Ce matin, le porte-parole du Kremlin, Dmitri Peskov, a confirmé que Moscou était bien informé de la proposition du Vatican d’accueillir des négociations. "Tout le monde est au courant de l'initiative du pape. Le Vatican a publié une déclaration correspondante. Bien entendu, la partie russe apprécie toute contribution. Cependant, aucun accord précis n'a été confirmé concernant le lieu des futures discussions", a-t-il assuré, rapporte l’agence de presse russe Tass. Une manière de temporiser.
Le président Vladimir Poutine avait rencontré à trois reprises le pape François au Vatican. La dernière audience avait eu lieu en 2019. Les premières années du pontificat de François avaient marqué un réchauffement historique des relations entre le patriarcat de Moscou et l’Église catholique. Le 12 février 2016, près de mille ans après le grand schisme de 1054, le Pape avait rencontré pour la première fois le patriarche orthodoxe de Moscou lors d’un déplacement à Cuba.

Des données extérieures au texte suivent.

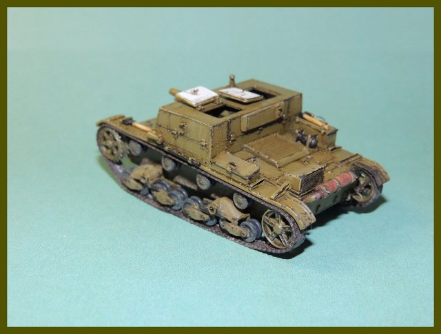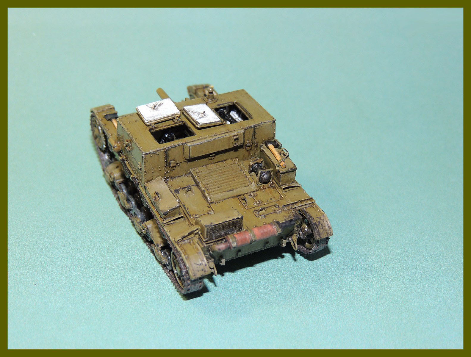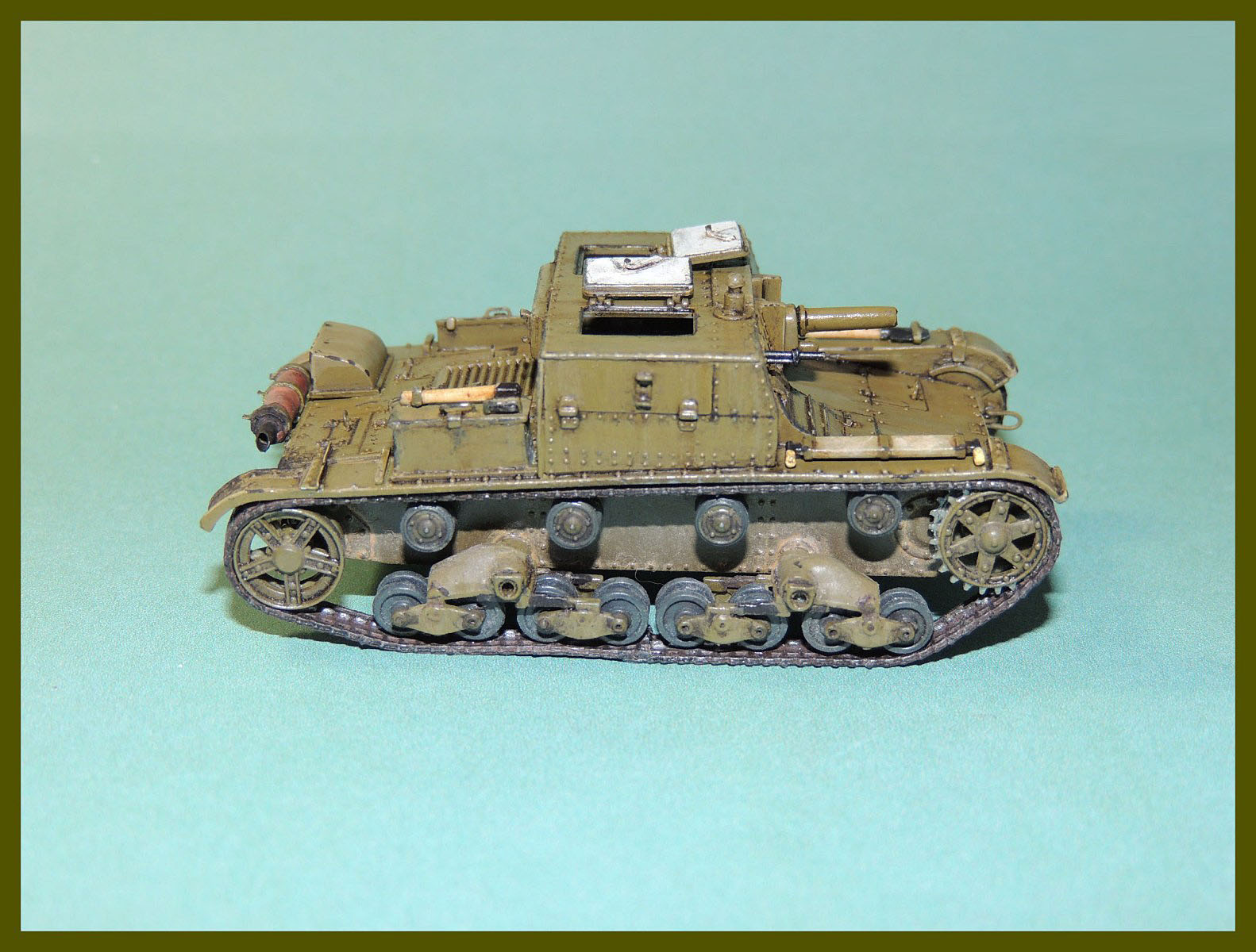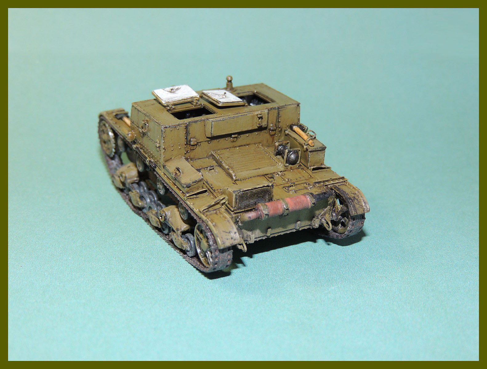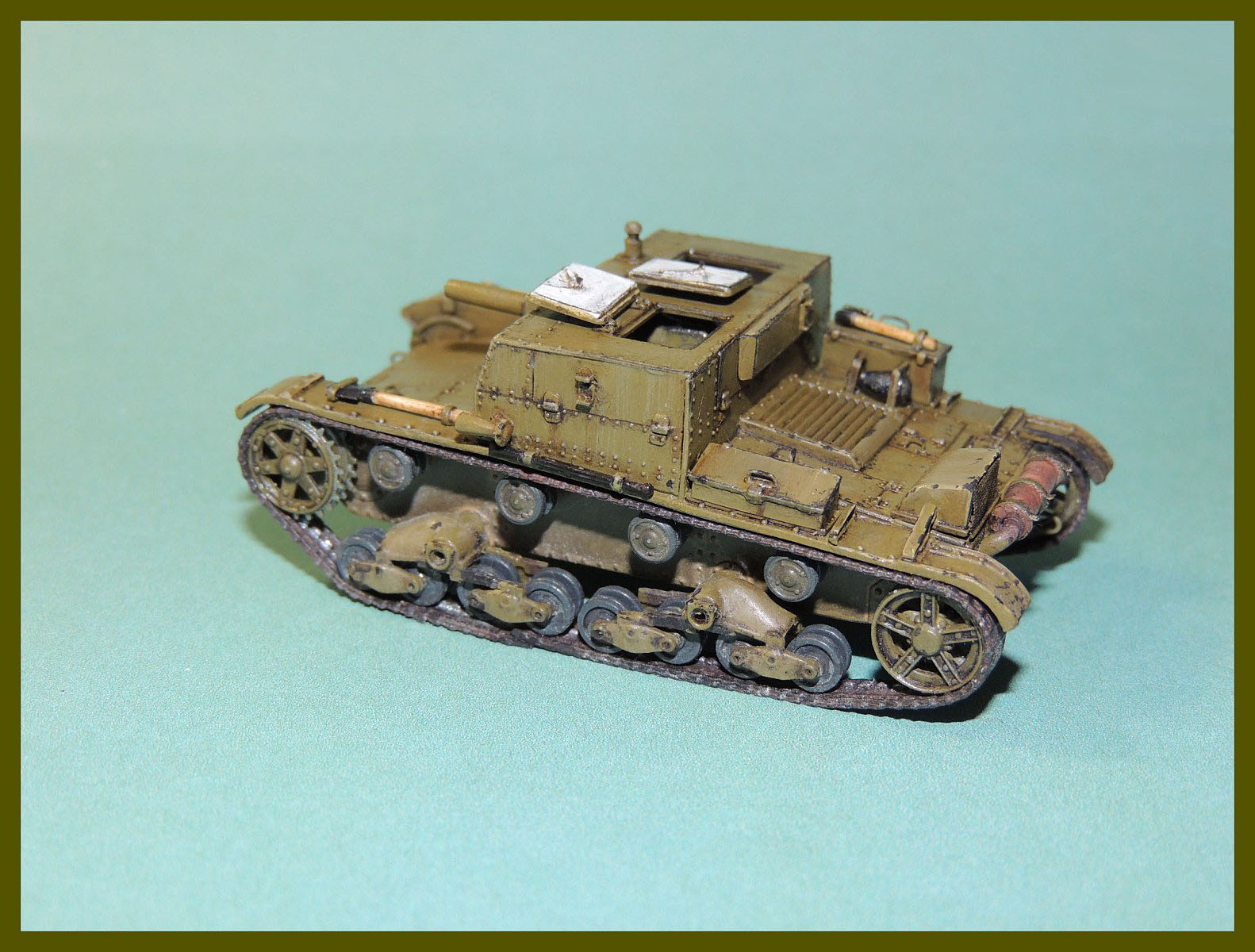Всем здравствуйте! Выставляю свою очередную работу,снова это "Мираж"(машина без альтернативная,чем производитель и берёт),одна из первых отечественных самоходок на базе Т-26,АТ-1.По сборке,хотелось отметить плохую стыкуемость деталей рубки,с неточной геометрией по ширине.Пушку пришлось тоже переделать,заменить ствол,добавить перископ.Добавил кресло механика,но его нормально отснять не удалось.Хотелось сделать,открытыми все наличествующие люки,но не мог найти информации(точной о внутренних поверхностях этих люков и механизмах их запирания)В результате,открытыми сделал только верхние люки,с простейшими поворотными задвижками(которые имели место быть на люках тех же Т-26-х). Сделал новую выхлопную(родная "не пляшет" ). Заменил ствол пулемёта на иглу,вставил сетку в кожух воздухооттока.ну и так по мелочи добавил медных элементов.

Mais la politique de rapprochement s’était interrompue avec l’invasion russe de l’Ukraine. Alors que le pape et le patriarche projetaient de se rencontrer à Jérusalem en juin 2022, les désaccords générés par la guerre en Ukraine avaient éclaté publiquement, le pape François demandant à Kirill de ne pas devenir "l’enfant de chœur de Poutine".
"Vladimir Poutine s’était rendu au Vatican à une période où les relations entre le Patriarcat de Moscou et Rome se réchauffaient", rappelle François Mabille. Pour réussir, la médiation diplomatique offerte par le Vatican devra sans doute s’accompagner aussi d’une reprise des relations au niveau œcuménique. La présence d'une délégation du Patriarcat de Moscou lors des funérailles de François et de la messe d'inauguration de Léon XIV a montré que des contacts se poursuivent malgré les tensions provoquées par la guerre en Ukraine.